Homework Chapter 7

Section 3

Q1

Sampling distribution of the sampel mean:

\(\bar x = 10\) \(SE = \sqrt{\sigma^2/n} = 3/6 = 1/2\)

Q3

\(\bar x = 120\) \(SE = \sqrt{\sigma^2/n} = 1/\sqrt 8 = .353\)

Q15

\(\bar x = 52\) \(SE = \sqrt{\sigma^2/n} = 21/7= 3\)

Q18

\[ \begin{aligned} P(\bar x > 55) & \\ =& P(z > \frac{55 - 52}{3}) \\ =& P(z > 1) = 15.9\% \end{aligned} \]

Q22

\(n = 25\) \(SE = \sqrt{\sigma^2/n} = 16/5= 3.2\)

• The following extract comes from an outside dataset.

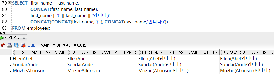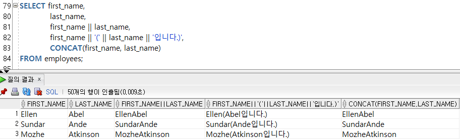 || ์ฐ์ฐ์๋ฅผ ์ฌ์ฉํด์ ๋ฌธ์๋ฅผ ์ฐ๊ฒฐํด๋ ๋๊ณ , CONCAT ํจ์๋ฅผ ์ฌ์ฉํด๋ ๋๋ค.

\[ \begin{aligned} P(\bar x < 69.7) & \\ =& P(z < \frac{69.7 - 74}{3.2}) \\ =& P(z < -1.344) = 8.9\% \end{aligned} \]

Q32

\(\mu = 98.6\), \(\sigma = .8\), \(n = 130\) \(SE = \sqrt{\sigma^2/n} = .8/\sqrt{130}= 0.07016464\)

\[ \begin{aligned} P(\bar x < 98.25) & \\ =& P(z < \frac{98.25 - 98.6}{.0702}) \\ =& P(z < -4.985755) \approx 0\% \end{aligned} \]

2. It’s surprising that this values is so unlikely because seeing this temperature in a single person is not unliklely. However, when you average 130 people together it’s very unlikely!